Mahdi Ahmad, Mahdi Mahmoud, Ters Patrick
Internal Medicine, University of Kansas School of Medicine, Wichita, USA.
Cardiology, University of Kansas School of Medicine, Wichita, USA.
Cureus. 2023 May 2;15(5):e38439. doi: 10.7759/cureus.38439. eCollection 2023 May.

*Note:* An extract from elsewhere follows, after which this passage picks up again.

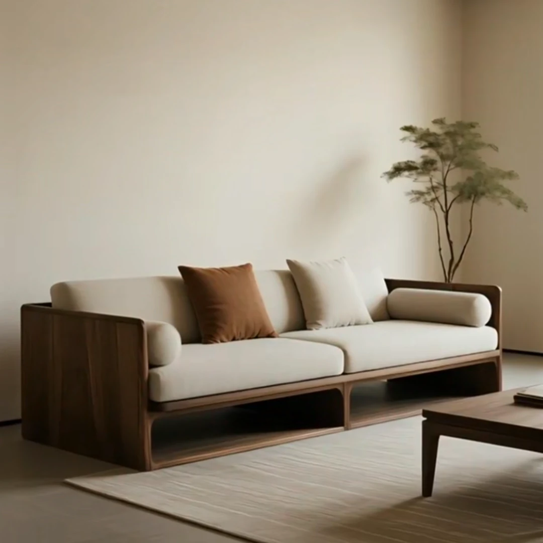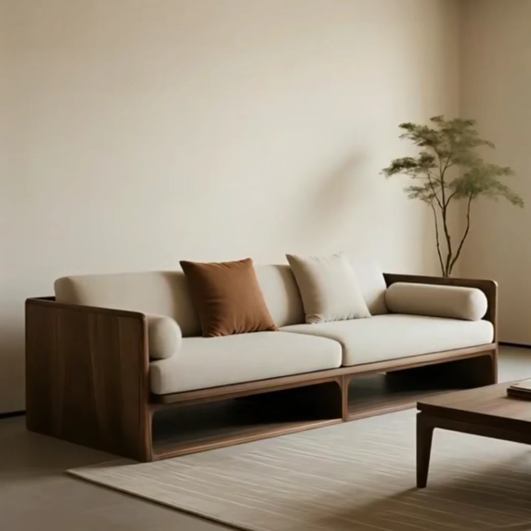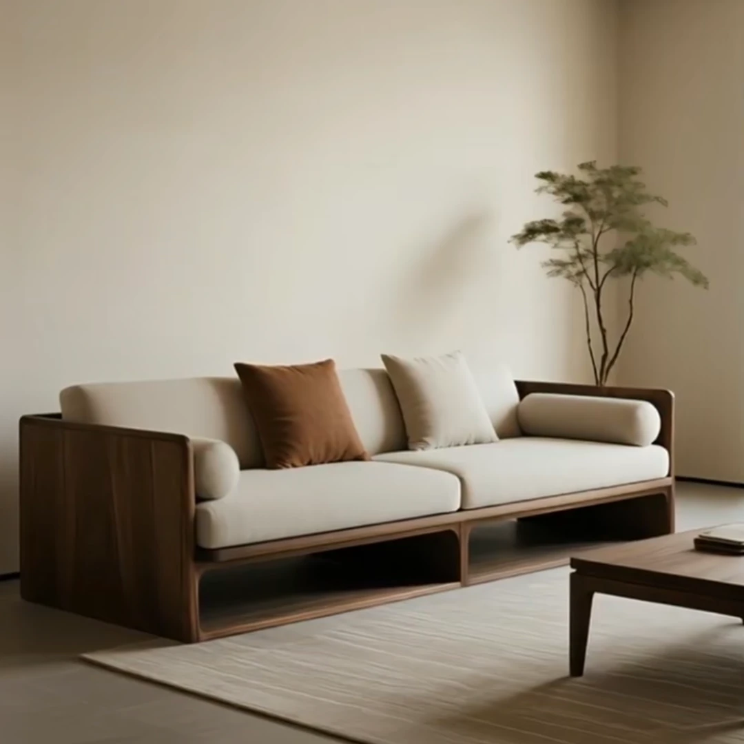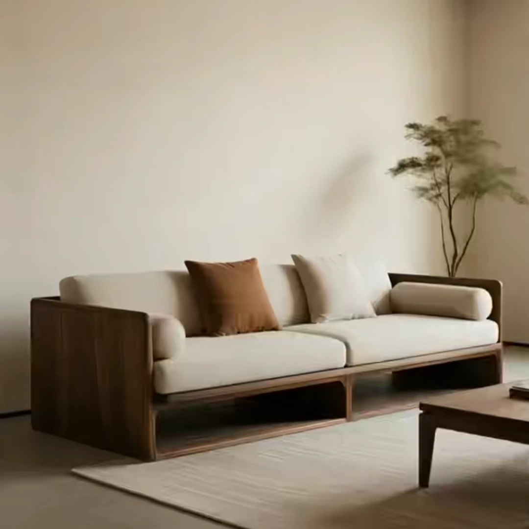 北米産ブラックウォールナット無垢材ソファ - モダンなリビングにぴったりな高級禅スタイル家具。ホテルや別荘、大小様々な物件に最適な洗練されたデザイン!

Primary intimal sarcoma of the pulmonary artery is a rare and aggressive malignancy that arises from the intimal layer of the pulmonary artery. It typically presents with nonspecific symptoms such as dyspnea, chest pain, and hemoptysis, making early diagnosis challenging. Computed tomography (CT) and magnetic resonance imaging (MRI) are useful in identifying the tumor's location and extent. A definitive diagnosis is established by biopsy, either via surgical resection or percutaneous needle biopsy. However, diagnosis can be difficult due to the rarity of the disease and the need for specialized expertise in interpreting pathology specimens. Treatment of primary intimal sarcoma of the pulmonary artery involves surgical resection, followed by adjuvant chemotherapy and radiation therapy. Despite aggressive treatment, the prognosis remains poor, with a median survival of approximately two years. However, early detection and aggressive multimodal therapy can improve outcomes. We hereby report a rare case of primary intimal sarcoma of the pulmonary artery and discuss its pathophysiology, presentation, diagnostic approach, and treatment options.
肺动脉原发性内膜肉瘤是一种罕见且侵袭性强的恶性肿瘤,起源于肺动脉的内膜层。它通常表现为呼吸困难、胸痛和咯血等非特异性症状,这使得早期诊断具有挑战性。计算机断层扫描(CT)和磁共振成像(MRI)有助于确定肿瘤的位置和范围。通过手术切除或经皮针吸活检进行活检来确立明确诊断。然而,由于该疾病罕见且解读病理标本需要专业知识,诊断可能会很困难。肺动脉原发性内膜肉瘤的治疗包括手术切除,随后进行辅助化疗和放疗。尽管进行了积极治疗,预后仍然很差,中位生存期约为两年。然而,早期发现和积极的多模式治疗可以改善治疗效果。我们在此报告一例罕见的肺动脉原发性内膜肉瘤病例,并讨论其病理生理学、临床表现、诊断方法和治疗选择。